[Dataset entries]
-=-=-=-=-

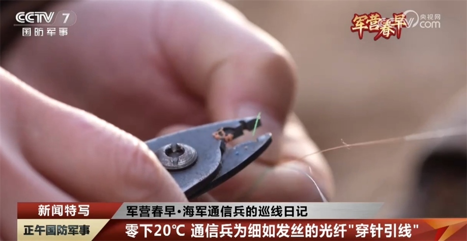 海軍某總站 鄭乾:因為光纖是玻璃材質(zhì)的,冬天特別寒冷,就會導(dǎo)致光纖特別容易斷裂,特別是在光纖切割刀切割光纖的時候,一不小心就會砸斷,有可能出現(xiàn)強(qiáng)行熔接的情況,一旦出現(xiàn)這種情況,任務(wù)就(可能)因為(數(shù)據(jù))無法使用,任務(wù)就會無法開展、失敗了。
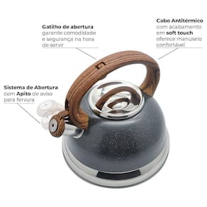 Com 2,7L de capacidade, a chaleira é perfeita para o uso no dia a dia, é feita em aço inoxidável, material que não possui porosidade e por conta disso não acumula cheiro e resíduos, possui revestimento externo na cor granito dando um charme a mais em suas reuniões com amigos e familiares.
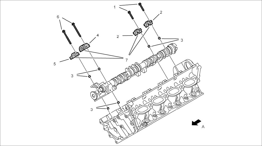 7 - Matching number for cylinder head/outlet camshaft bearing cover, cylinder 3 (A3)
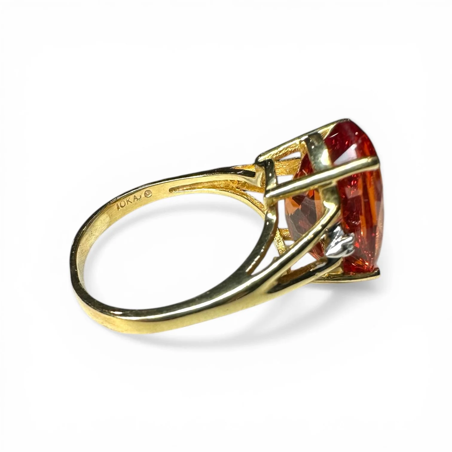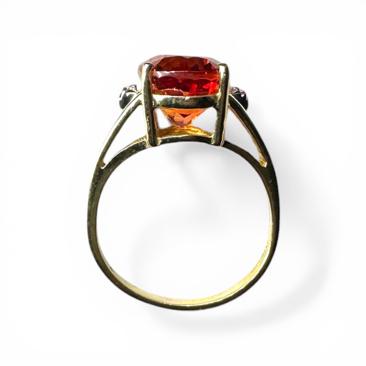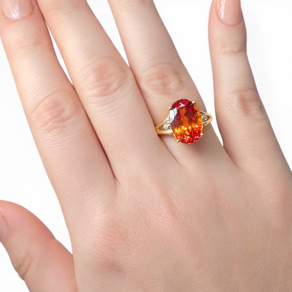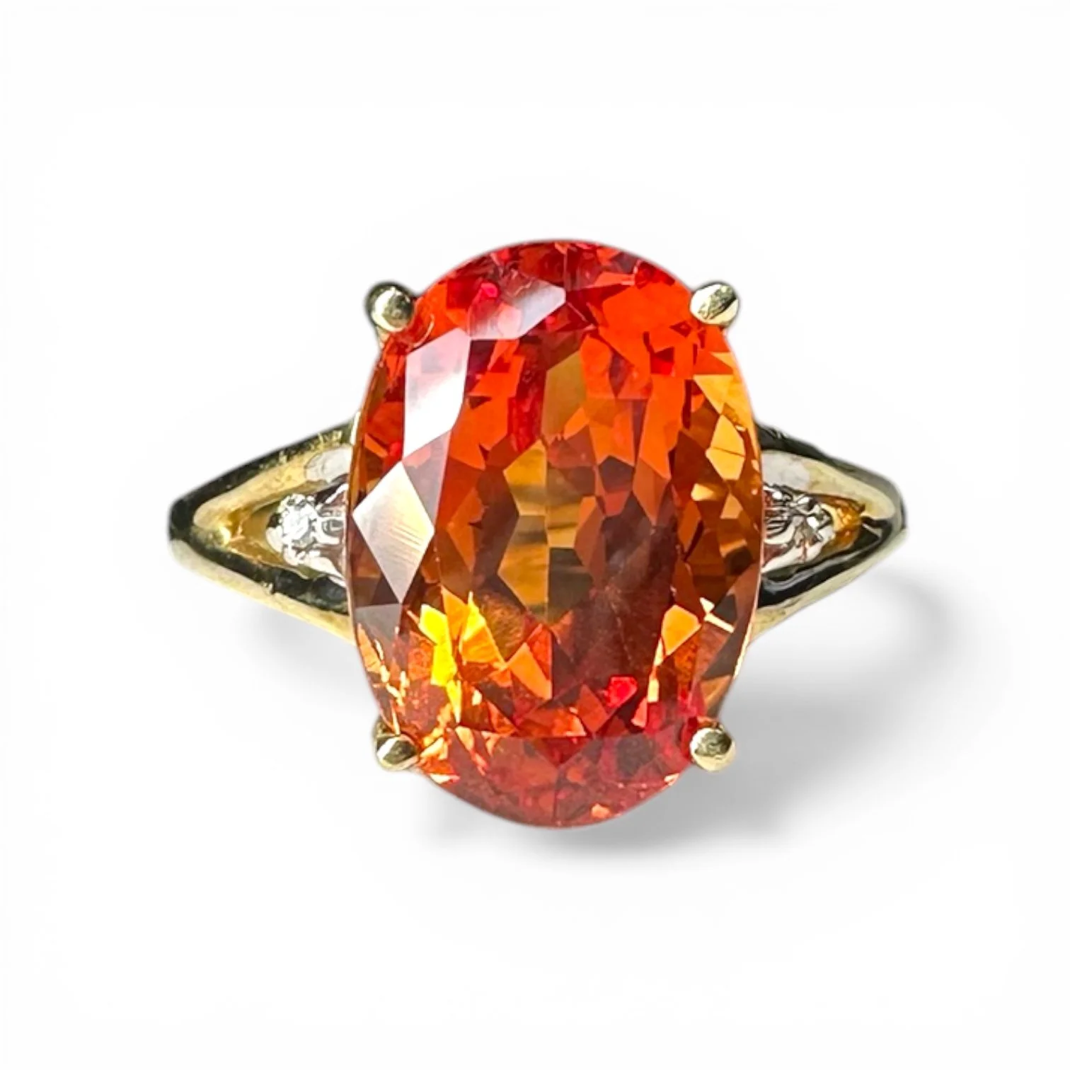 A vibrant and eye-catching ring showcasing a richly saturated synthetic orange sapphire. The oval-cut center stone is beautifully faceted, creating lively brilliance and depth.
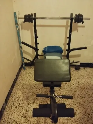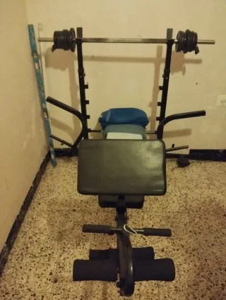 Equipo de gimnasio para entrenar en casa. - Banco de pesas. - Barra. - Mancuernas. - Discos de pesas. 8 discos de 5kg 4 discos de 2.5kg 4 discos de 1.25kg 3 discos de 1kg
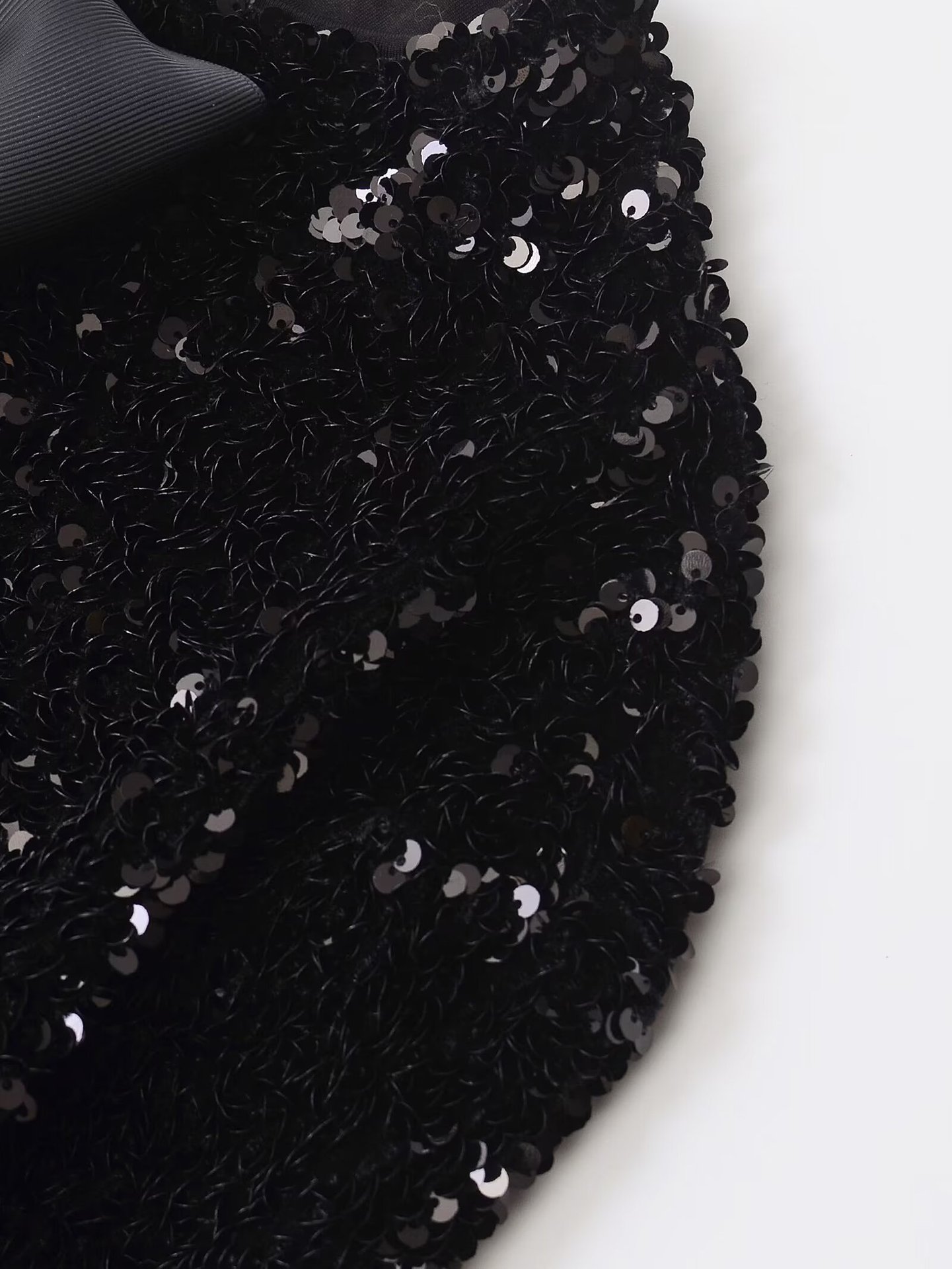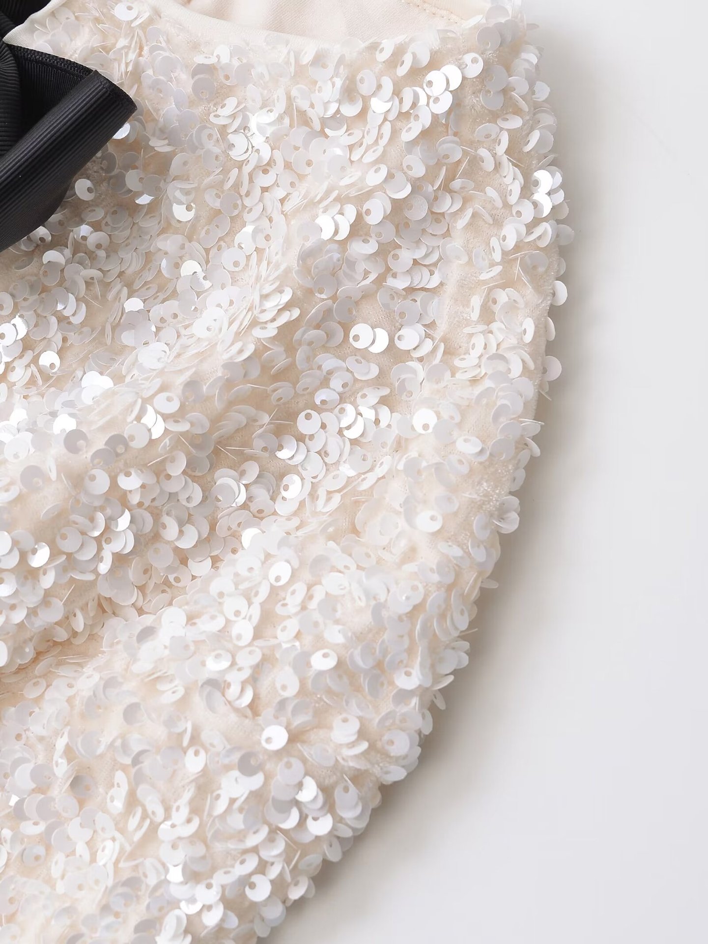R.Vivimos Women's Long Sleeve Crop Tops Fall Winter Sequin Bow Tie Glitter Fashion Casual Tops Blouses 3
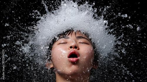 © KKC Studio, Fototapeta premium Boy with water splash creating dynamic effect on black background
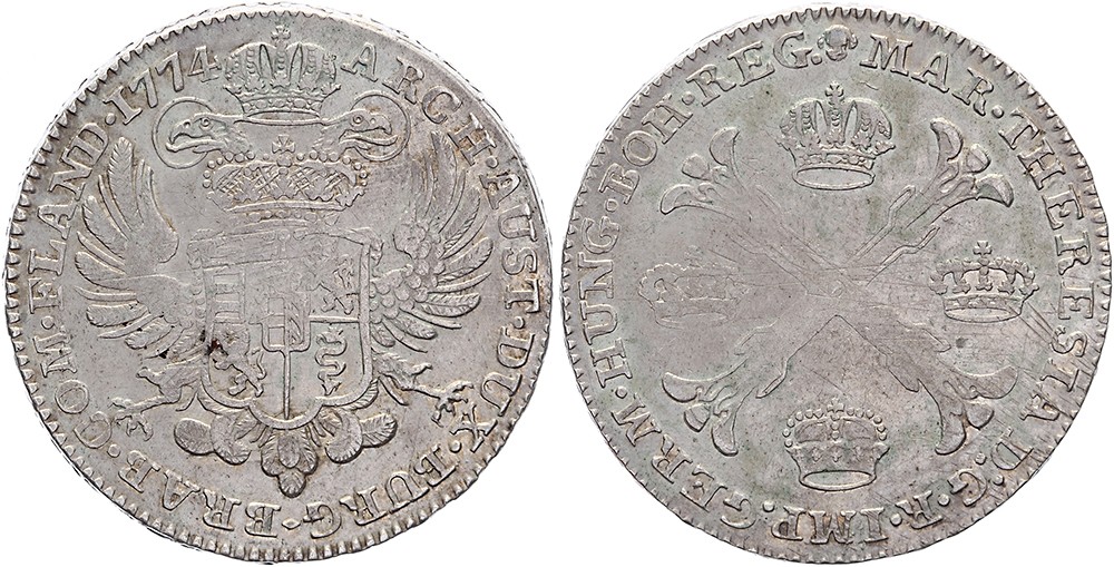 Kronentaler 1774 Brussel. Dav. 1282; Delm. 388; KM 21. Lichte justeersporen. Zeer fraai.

-=-=-=-=-

Exercise description:
When copying from the data above, begin at the line containing "Equipo de gimnasio" and end at the line containing "on black background"; return those lines exactly and leave all pictures behind.

Result for this task:
 Equipo de gimnasio para entrenar en casa. - Banco de pesas. - Barra. - Mancuernas. - Discos de pesas. 8 discos de 5kg 4 discos de 2.5kg 4 discos de 1.25kg 3 discos de 1kg
R.Vivimos Women's Long Sleeve Crop Tops Fall Winter Sequin Bow Tie Glitter Fashion Casual Tops Blouses 3
 © KKC Studio, Fototapeta premium Boy with water splash creating dynamic effect on black background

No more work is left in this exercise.